Computer Gaming World featured DotA Allstars in a 2004 review of new maps and mods in Warcraft III, and in the following years DotA Allstars became a fixture at esports tournaments. Its refined gameplay and high skill ceiling contributed to its widespread popularity in competitive environments. It debuted at Blizzard's BlizzCon convention in 2005. DotA Allstars featured in the Malaysia and Singapore World Cyber Games starting in 2005, and the World Cyber Games Asian Championships beginning with the 2006 season. Defense of the Ancients was included in the game lineup for the internationally recognized Cyberathlete Amateur League and CyberEvolution leagues. When the scenario appeared at the 2008 Electronic Sports World Cup, Oliver Paradis, the competition's manager, noted the game was chosen for the high level of community support behind the scenario and its worldwide appeal. The mod's extreme simplification of the real-time strategy formula made it more accessible for players who enjoyed the spectacle of the battles characteristic of the genre, but did not want to manage the demands of trying to control every part of the experience.

The scenario was extremely popular in many parts of the world, especially in Europe and Asia. In the Philippines and Thailand, it was played as much as the game Counter-Strike. It was also popular in Sweden and other Northern European countries, where the Defense of the Ancients-inspired song "Vi sitter i Ventrilo och spelar DotA" by Swedish musician Basshunter cracked the top ten singles charts in Sweden, Norway, and Finland. LAN tournaments were a major part of worldwide play, including tournaments in Sweden and Russia; however, due to a lack of LAN tournaments and championships in North America, several teams disbanded.

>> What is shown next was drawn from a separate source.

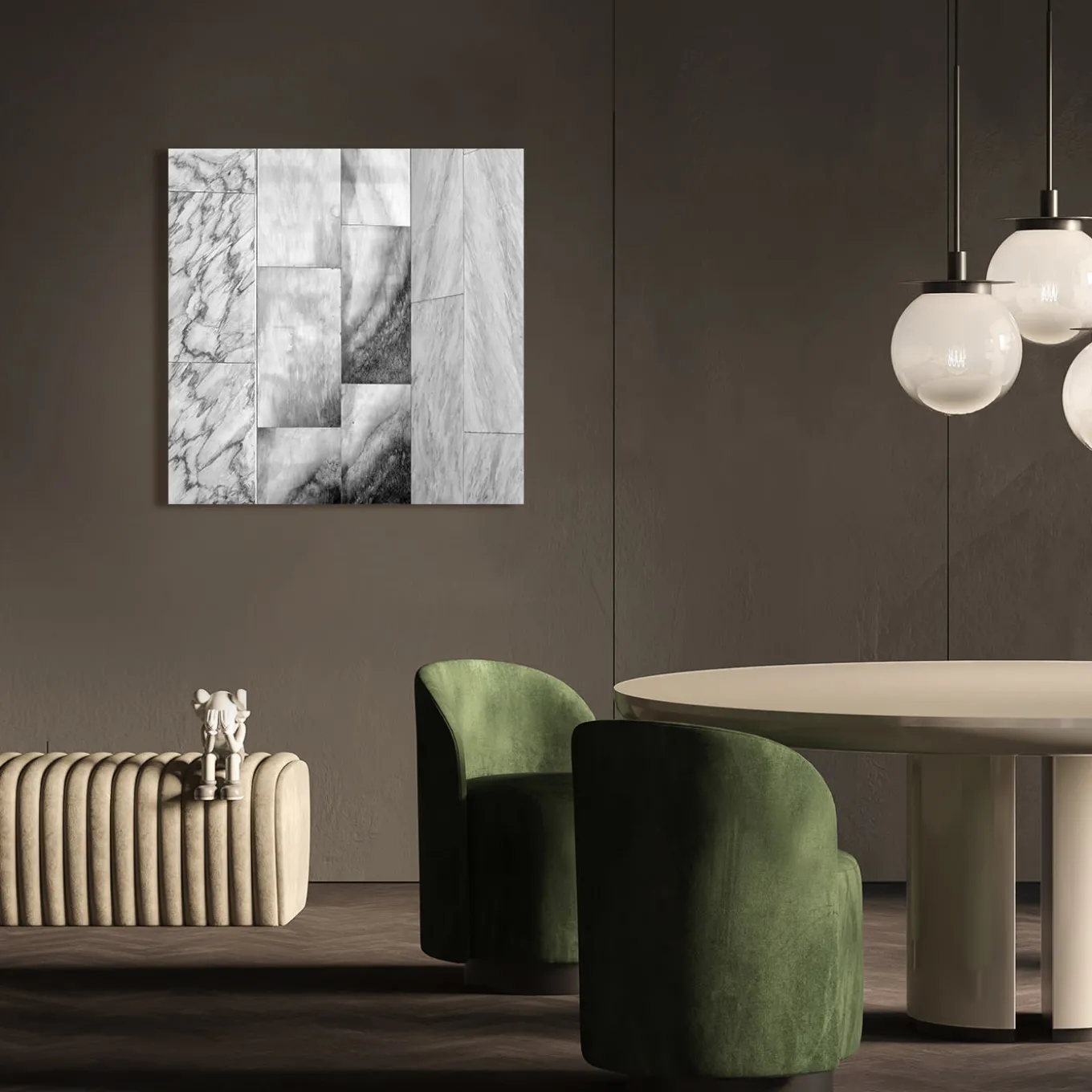 A close-up of different marble types making up the walls of the historical Milan building Galleria Passerella 2 becomes an extraordinary interplay of textures and geometries in this black and white photograph by Giulio Boem. A tribute to Gio Ponti, the building was designed by the renowned architect in collaboration with Antonio Fornaroli and the Soncini brothers in 1950. This is a limited edition of n. 10. Delivered with a certificate of authenticity. Frame not included. This item is currently on display at in NY.

Michael Walbridge, writing for Gamasutra in 2008, stated that DotA "is likely the most popular and most-discussed free, non-supported game mod in the world". In pointing to the strong community built around the game, Walbridge stated that DotA showed it is much easier for a community game to be maintained by the community, and this is one of the maps' greatest strengths. Former game journalist Luke Smith called DotA "the ultimate RTS". Blizzard pointed to DotA as an example of what dedicated mapmakers can create using developer's tools.

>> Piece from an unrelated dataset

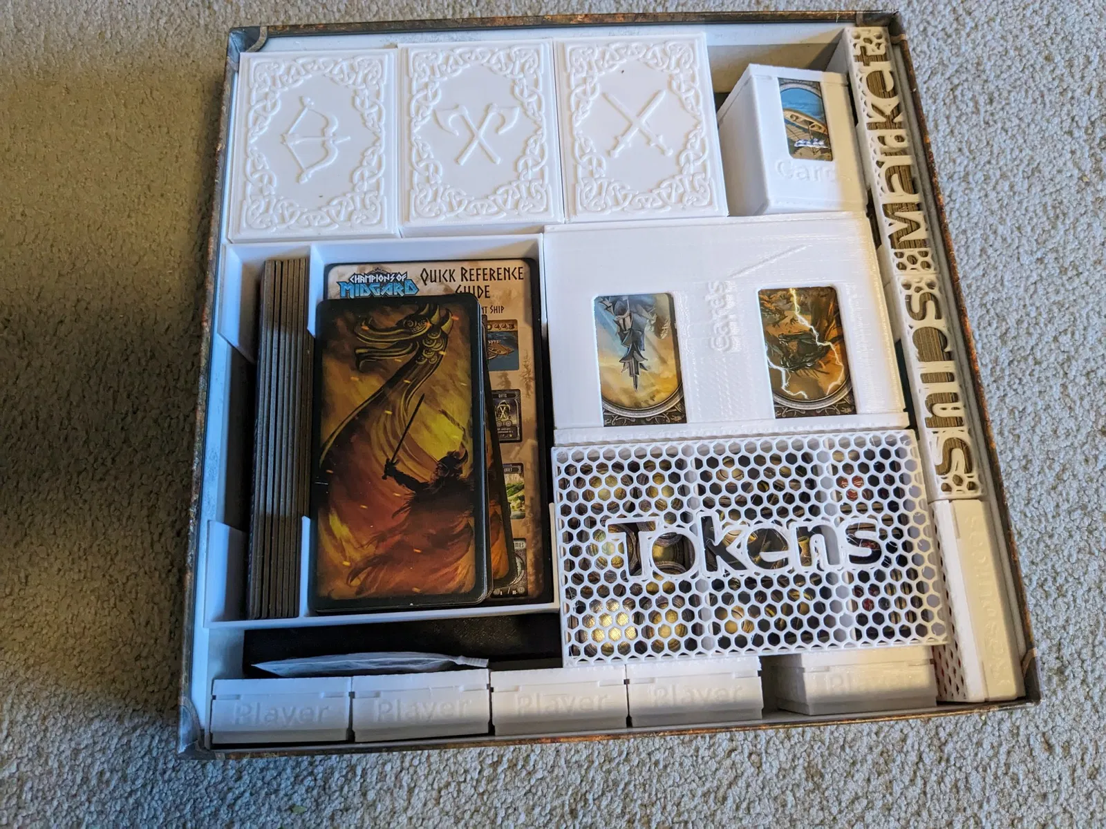 Tôi bắt đầu bằng cách in các hộp dice/token tại. Nhưng sau đó tôi không thể tìm thấy cách tuyệt vời để tổ chức phần còn lại của các mảnh trò chơi. Có một vài tổ chức khác ở đó nhưng một số không hỗ trợ cả hai phần mở rộng. Tôi cũng thích có một cách tiếp cận mô-đun hơn để mỗi người chơi có một hộp riêng, các token có thể được rút thẳng từ các thùng chứa của chúng, các mảnh liên quan được để cùng nhau và các mảnh riêng biệt không bị lẫn lộn. Mục tiêu của tôi là làm cho các tổ chức giảm thiểu thời gian thiết lập. Điều này còn xa mới hoàn hảo, nhưng đây là tổ chức đầu tiên của tôi, vì vậy tôi hy vọng nó sẽ đủ hữu dụng cho bạn. Tôi đã tạo ra những điều này bằng cách sử dụng và bao gồm các tệp openscad để bạn có thể điều chỉnh chúng theo cách bạn muốn. Chúc bạn vui vẻ!

Defense of the Ancients played a key role in shaping the multiplayer online battle arena (MOBA) genre, serving as a direct influence for several later titles. Demigod, released in 2009 by Gas Powered Games, was among the first games to draw inspiration from its mechanics, with GameSpy describing it as aspiring gods "[playing] DotA in real life". Feak, hired by Riot Games, applied many of the mechanics and lessons he learned from Defense of the Ancients to the core design of League of Legends. Other "DotA clones" include Heroes of Newerth by S2 Games, as well as Heroes of the Storm by Blizzard Entertainment, which brings together characters from its franchises, including heroes from Warcraft III. The MOBA design DotA popularized also made its way into games that deviated from the mod's top-down perspective, such as third-person shooters and side-scrolling platformers. DotA also shed light on the MOBA genre's challenging learning curve for new players and the often toxic and unfriendly behavior of its community.

===Franchise===

In October 2009, IceFrog was hired by Valve to lead a team to develop a standalone sequel to Defense of the Ancients, Dota 2. The gameplay hews closely to DotA. In addition to the pre-conceived gameplay constants, Dota 2 also features Steam support and profile tracking, intended to emphasize and support the game's matchmaking and community. The marketing and trademark of Dota as a franchise by Valve faced opposition from Riot Games and Blizzard Entertainment, who legally challenged the franchising of Dota by Valve. The legal dispute was concluded in May 2012, with Valve gaining franchising rights for commercial use to the trademark, while non-commercial use remained open to the public. Dota 2 was officially released in July 2013.